→ **AIM OF THE EXERCISE**:
Instruction for the listing below: copy exactly, and only, the lines from the one holding "山頂からは急斜面の痩せ尾根を下っていく。" through its last line, omitting any picture.

→ **INFORMATION SUPPLIED**:
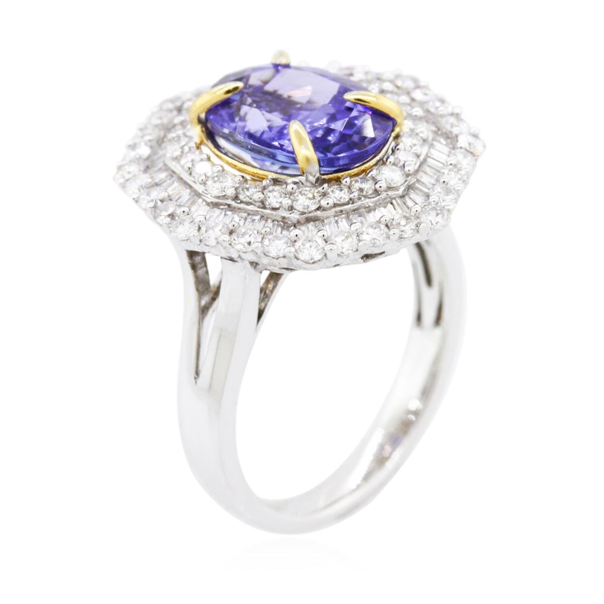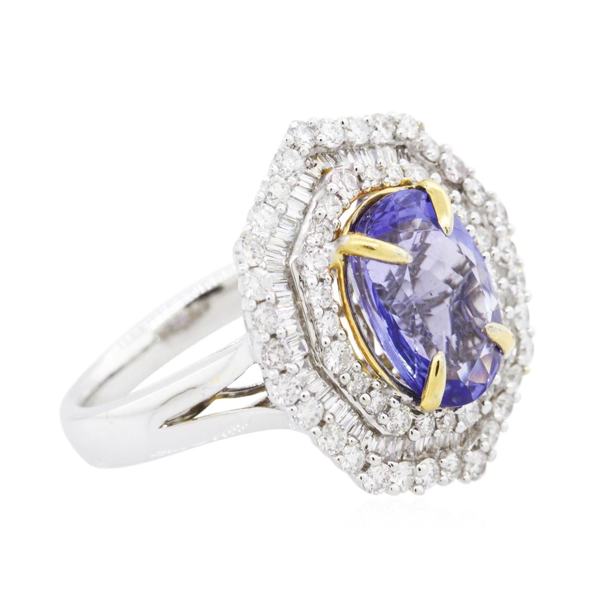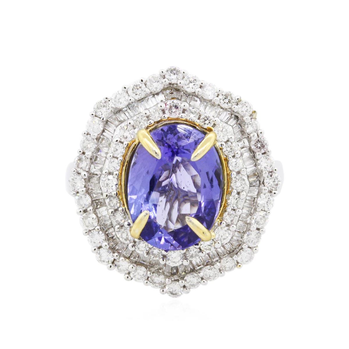One electronically tested 14KT white and yellow gold ladies combination cast & assembled tanzanite and diamond ring with a split shank with a bright polish finish. Identified with markings of "14K". Condition is new. Containing: One prong set oval modified brilliant cut natural tanzanite, measuring 11.36 x 8.52 x 3.97mm, approximate weight of 2.63ct., clarity is eye clean, type I, medium, very slightly grayish, violet color, (GIA V 5/3), cut is good. Fifty-Six prong set round brilliant cut diamonds, measuring 1.70 - 1.30 x 0.90mm (depth est.) approximate total weight of 56 Stones = 0.69ct. Clarity: SI-2 to I-2. Color: I - J, Cut is Good. Fifty-Six channel set baguette cut diamonds, measuring 1.30 x 1.10 x 0.94mm (depth est.) approximate total weight of 56 Stones = 0.69ct. Clarity: SI-1. Color: H - I, Cut is Good. Colored gemstones are presumed to have been subjected to commonly used enhancement processes. All diamonds and colored gemstones are graded in the mounting, unless otherwise stated total weight of Colored Stones 2.63ct. Total Weight of Diamonds 1.38ct. Total Weight of Ring 6.40 grams. GGL Appraised at $9,200.00.
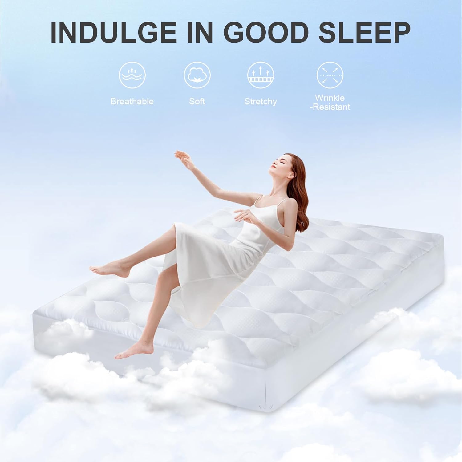 【Extend Your Deep Sleep Time】Experience longer, more restorative sleep with our pillow top mattress topper’s plush but breathable design. The combination of just the right 400gsm fill ratio and thoughtful construction is perfect for you to use all year round, extending deep sleep time and helping you wake up refreshed and revitalized every morning
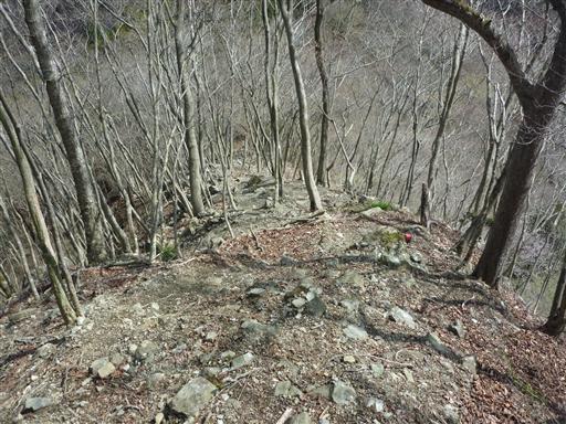 山頂からは急斜面の痩せ尾根を下っていく。
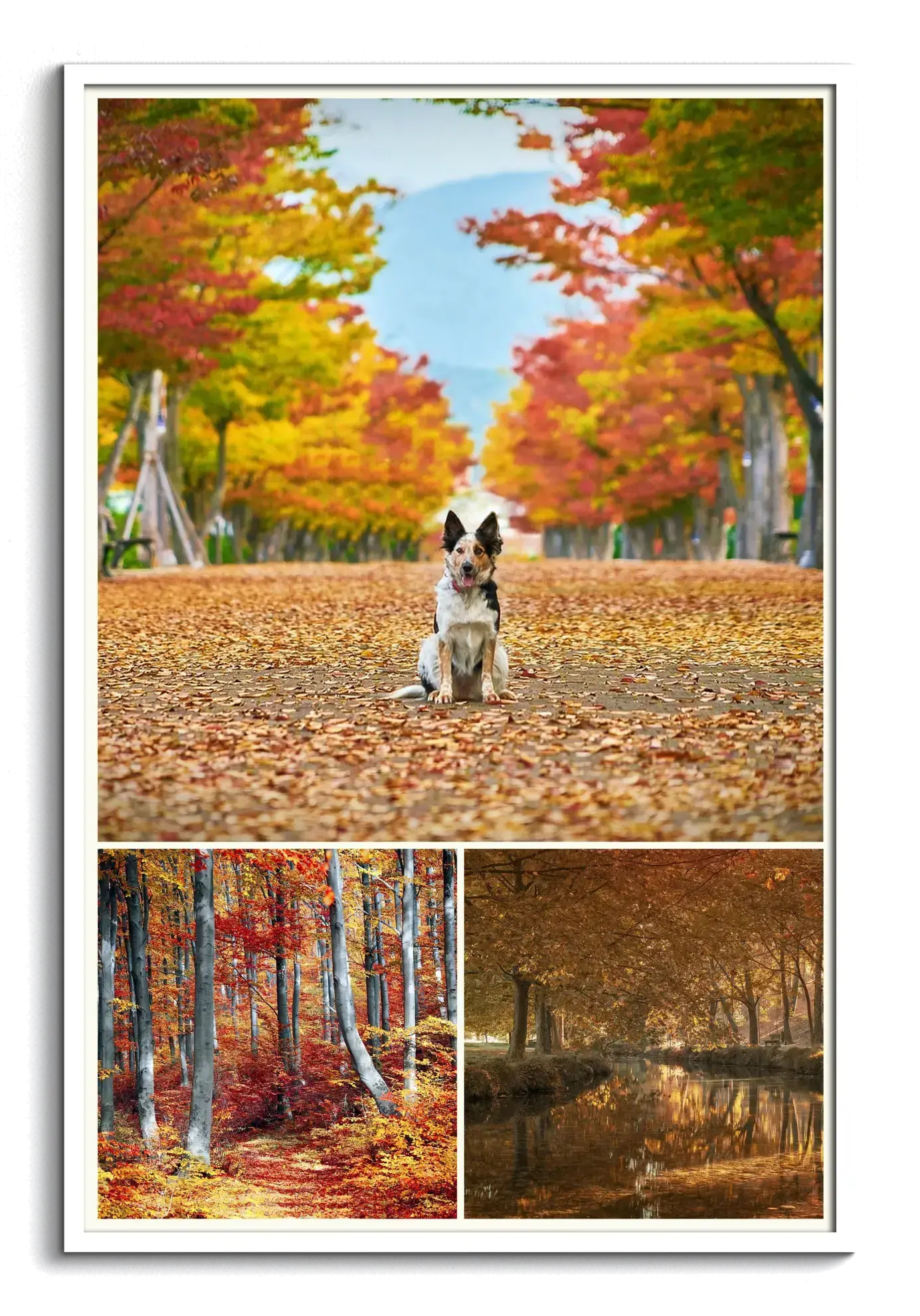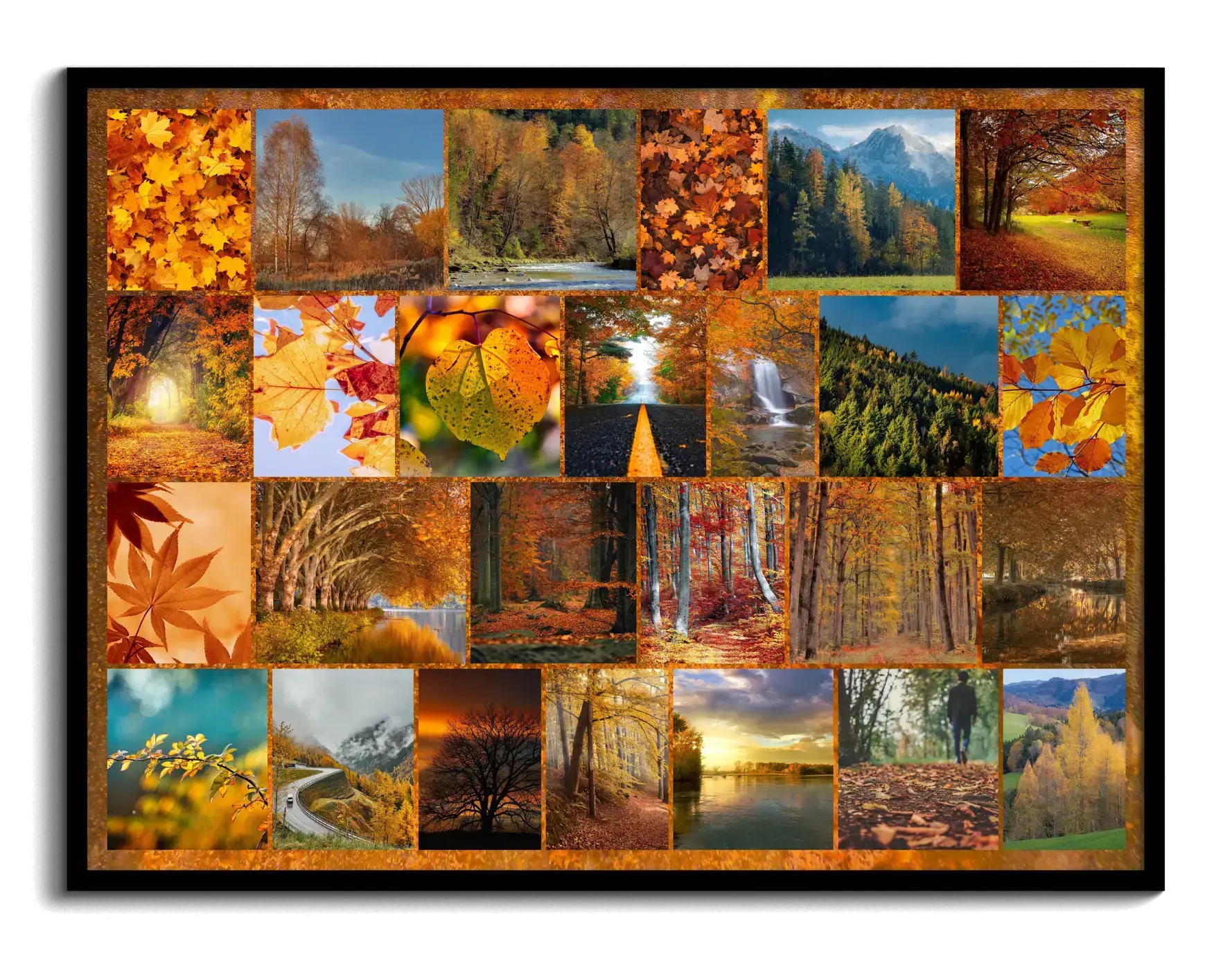 Cattura l'essenza autunnale con collage fotografici di paesaggi e famiglie, testi personalizzati.

→ **TASK OUTPUT**:
 山頂からは急斜面の痩せ尾根を下っていく。
 Cattura l'essenza autunnale con collage fotografici di paesaggi e famiglie, testi personalizzati.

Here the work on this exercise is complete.